Pero esta reducción de las distancias no ha favorecido un diálogo entre los pueblos.
Al contrario, ha fomentado el relanzamiento del cierre identitario en sí mismo,
alimentando un peligroso soberanismo.
Respuesta. Vivimos en un gran mercado planetario que no ha sabido suscitar
sentimientos de fraternidad entre los países. Ha creado, de hecho, un miedo
generalizado al futuro. Y la pandemia del coronavirus ha iluminado esta
contradicción haciéndola aún más evidente. Me hace pensar en la gran crisis
económica de los años treinta, en la que varios países europeos, Alemania e
Italia sobre todo, abrazaron el ultranacionalismo. Y, pese a que falte la
voluntad hegemónica de los nazis, hoy me parece indiscutible este cierre en sí
mismos. El desarrollo económico-capitalístico, entonces, ha desatado los
grandes problemas que afectan nuestro planeta: el deterioro de la biosfera, la
crisis general de la democracia, el aumento de las desigualdades y de las
injusticias, la proliferación de los armamentos, los nuevos autoritarismos
demagógicos (con Estados Unidos y Brasil a la cabeza). Por eso, hoy es necesario
favorecer la construcción de una conciencia planetaria bajo su base
humanitaria: incentivar la cooperación entre los países con el objetivo
principal de hacer crecer los sentimientos de solidaridad y fraternidad entre
los pueblos.
La experiencia nos enseña que todas las graves crisis pueden incrementar
fenómenos de cierre y de angustia: la caza al infractor o la necesidad de un
chivo expiatorio, a menudo identificado con el extranjero o el migrante
P. Intentemos
analizar esta contradicción en una escala reducida, tomando en consideración el
microcosmos de las relaciones personales. La incursión del virus ha puesto en
crisis la ideología de fondo que ha dominado las campañas electorales en estos
últimos años: eslóganes como “America First”, “La France d’abord”, “Prima
gli italiani”, “Brasil acima du tudo” han ofrecido una imagen
insular de la humanidad, en la que cada invididuo parecer ser una isla separada
de las otras (utilizando la bonita metáfora de una meditación de John Donne).

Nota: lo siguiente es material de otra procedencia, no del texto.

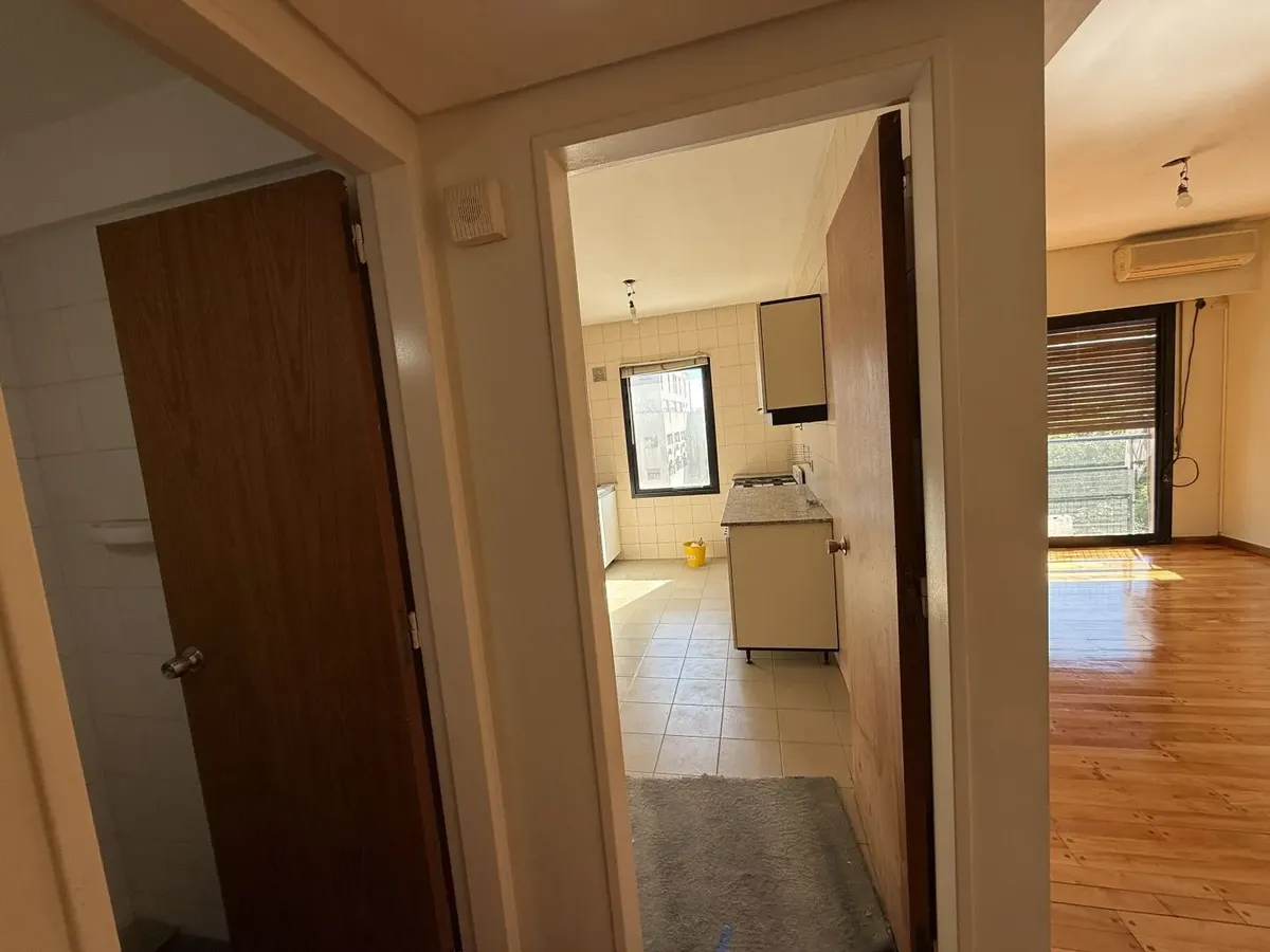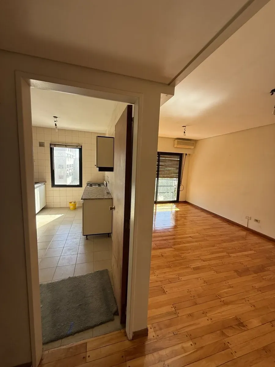 Apartamento de 3 ambientes em Quilmes Centro, com 2 dormitórios e banheiro completo. Fica no térreo? Não; piso não informado. Tem sala integrada com sala de jantar com piso de madeira tarugada, varanda francesa e ar-condicionado (frio) marca Toshiba, além de estufa a tiro balanceado marca EMEGE. A cozinha é mobiliada com fogão de 4 bocas Longvie e possui lavanderia. Há dois dormitórios com varandas francesas (um deles lateral) e varanda corrida no dormitório de frente, além de placards com inter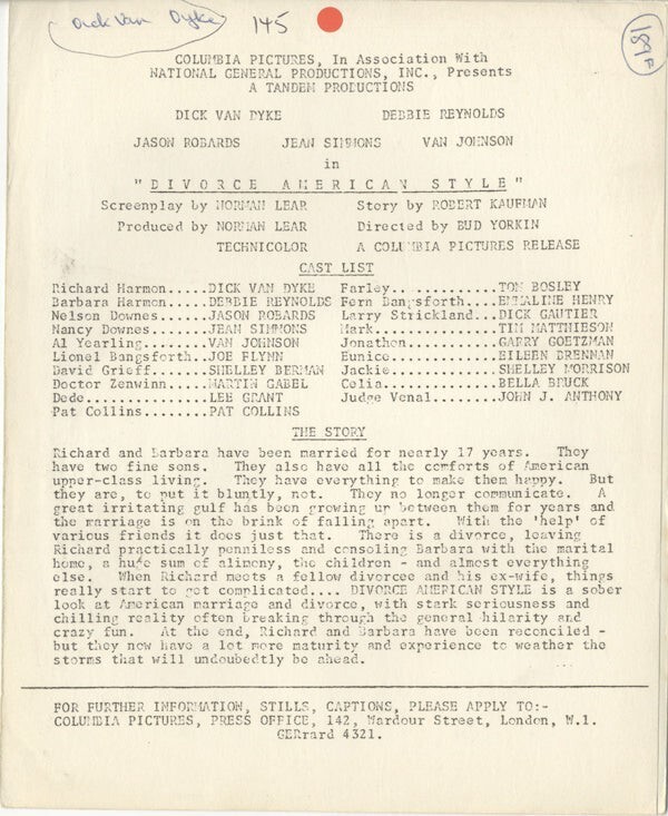 Dick Van Dyke laughing Divorce American Style 1967 Original 8x10 Photo with paper caption snipe - VG/Near Mint Condition This item is an ORIGINAL 8x10 photo from the historic archives of Silver Screen Mementos. This original photograph was made in the actual year the film, television show or event was produced. The movie studios produced publicity photographs for distribution to the press, photo agencies and publicity departments to advertise the film/tv show or event. Very often original photos have press release information on the reverse of the photo - movie credits, description of the scene, event and people involved. This is a historic piece of cinema art and is being offered from one collector to another, no rights given or implied. Silver Screen are gradually releasing thousands of Original Photographs, Transparencies, Negatives, Lobby Cards, Posters, Magazines and other memorabilia from our historic archive.

En cambio, la pandemia ha mostrado que la humanidad es un único continente y
que los seres humanos están ligados profundamente los unos a los otros. Nunca
como en este momento de aislamiento (lejos de los afectos, de los amigos, de la
vida comunitaria) estamos tomando conciencia de la necesidad del otro. “Yo me
quedo en casa” significa no solo protegernos a nosotros mismos sino también a
los otros individuos con los que formamos nuestra comunidad.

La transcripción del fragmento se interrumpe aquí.